The sign function is defined as
$$sign(y)=\begin{cases} 1 & \text{ if } y>0 \\ 0 & \text{ if } y=0 \\ -1 & \text{ if } y<0 \end{cases}.$$
The quadratic variation is defined as
$$[sign(w)]_t = lim_{\left \| p \to 0 \right \|} \sum_{k=1}^{n} [ {sign(w_{t_{k+1}})} - {sign(w_{t_k})} ]^2$$
where the limit is taken over the partition $$max({t_{k+1}} -{t_k}) \to 0.$$
Since ${t_{k+1}} -{t_k}$ is very small, so $sign(w_{t+1})=sign(w_{t}).$
Hence the quadratic variation of a sign function is zero.
My question is:
Is my explanation right? Do we need to consider that at some point, sign function is turning -1 to 0 and to 1?
I feel like I didn't use the property that $W$ is brownian motion, do I miss anything?
Since the quadratic variation of a Brownian motion over [0,t] is t. Can I conclude that $sign(W)$ is not brownian motion from here?
Disclaimer: This is one of the question in my exam which I have blur memory. I would like to discuss whether I am on the right track. Thanks!
I want to make some conclusions myself based on comments from @zacharyselk and @saz.
All the explanation seems fine until the last statement--"Hence the quadratic variation of a sign function is zero."
Since ${t_{k+1}} -{t_k}$ is very small, so $sign(w_{t+1})=sign(w_{t})$ almost surely.

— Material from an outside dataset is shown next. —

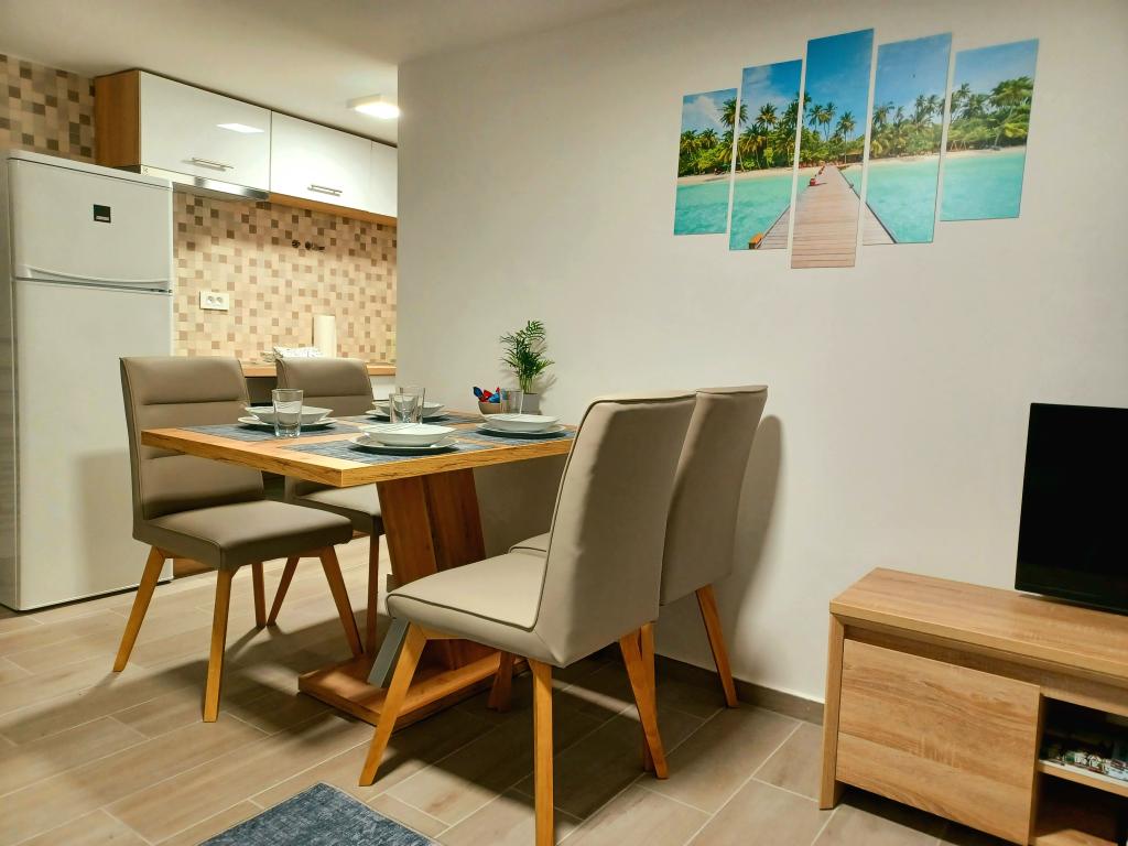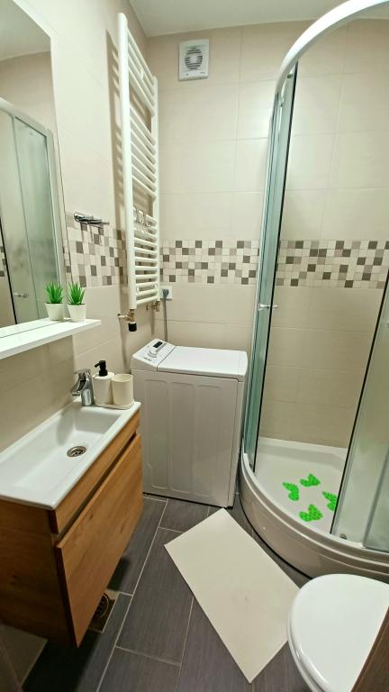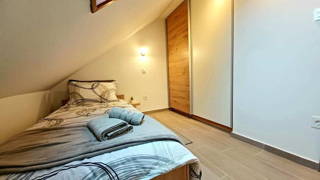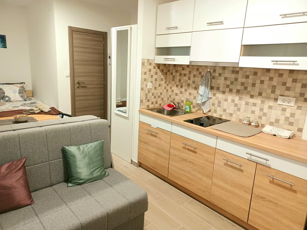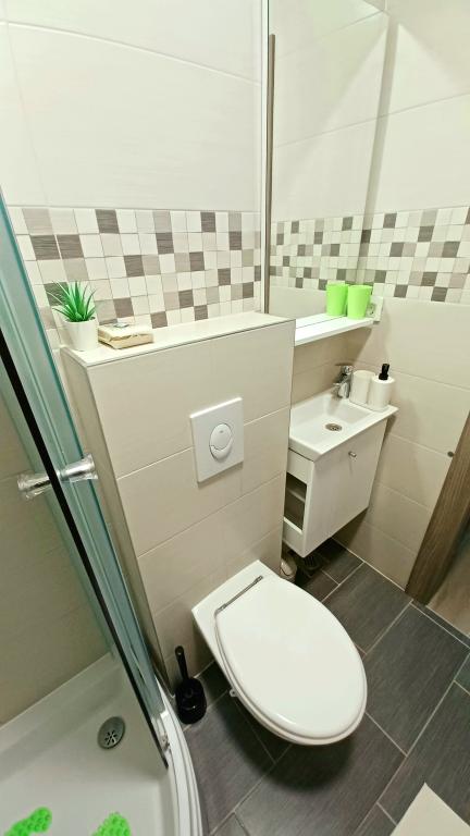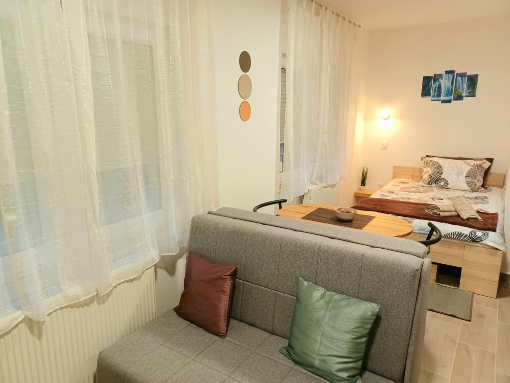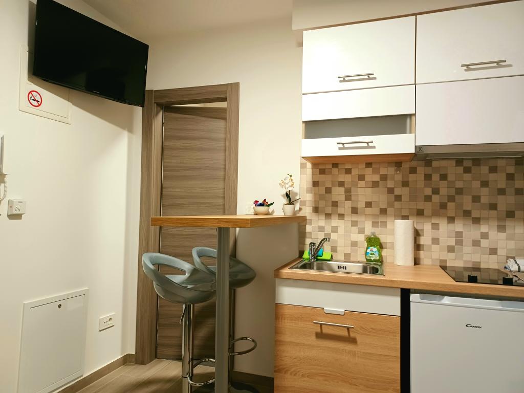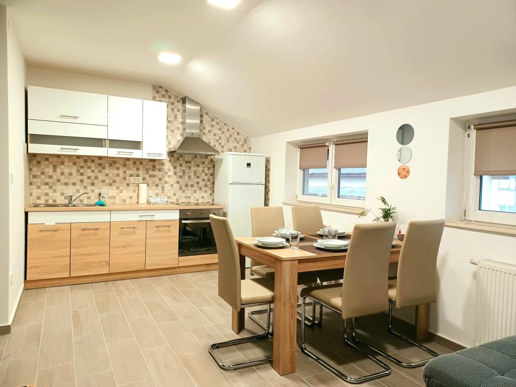 The facility consists of 6 accommodation units, accommodating up to 11 people. Each accommodation unit has its own kitchen and bathroom. The apartments are located in a quiet village, in a dead end street with a pedestrian exit to the main road (50 m). Excellent transport connections, close to restaurants (300 m) and shops (100 m). Distance from the city center approximately 20 minutes by car, bicycle or public transport. Excellent position of the apartments for guests who come for health reasons due to the proximity of several hospitals and clinics.
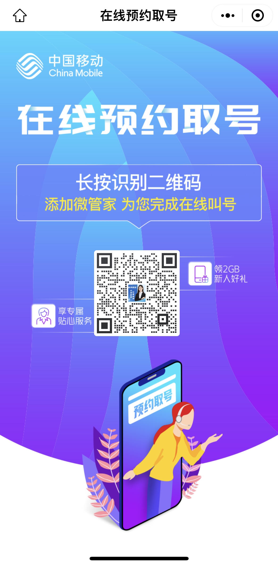 相比延安路营业厅,这家营业厅显得更通情达理,不愿意扫码的消费者也能排上队,办上业务。此外,记者扫描这家营业厅的二维码发现,扫描后系统直接进入“在线预约取号”小程序取号,比起延安路门店,少了添加“移动微管家”企业微信号的步骤。

Those $sign(w_{t+1}) \neq sign(w_{t})$, then $[ {sign(w_{t_{k+1}})} - {sign(w_{t_k})} ]^2=1$. It is the circumstances when the brownian motion touch x-axis or leaving x-axis.
Since ${t_{k+1}} -{t_k} \to 0$, we won't see $[ {sign(w_{t_{k+1}})} - {sign(w_{t_k})} ]^2=4$. This means the brownian motion cross x-axis not just touching or leaving.
The main property for a brownian motion are:
$W_0 = 0$
$W_t$ is almost surely continuous
$W_t$ has independent increments.
$W_{t}-W_{s}\sim {\mathcal {N}}(0,t-s)$ (for $0\leq s\leq t$).
I use the second a.s. continuous assumption when I made the conclusion
${t_{k+1}} -{t_k}$ is very small, so $sign(w_{t+1})=sign(w_{t})$ almost surely.
I probably will need to use the independent and distribution assumption if I want to derive the distribution of the answer.
@Saz answers "Since $X_t$ takes only the values $−1$, $0$ and $1$, we know that $X_t$ is not Gaussian and therefore the process is not a Brownian motion."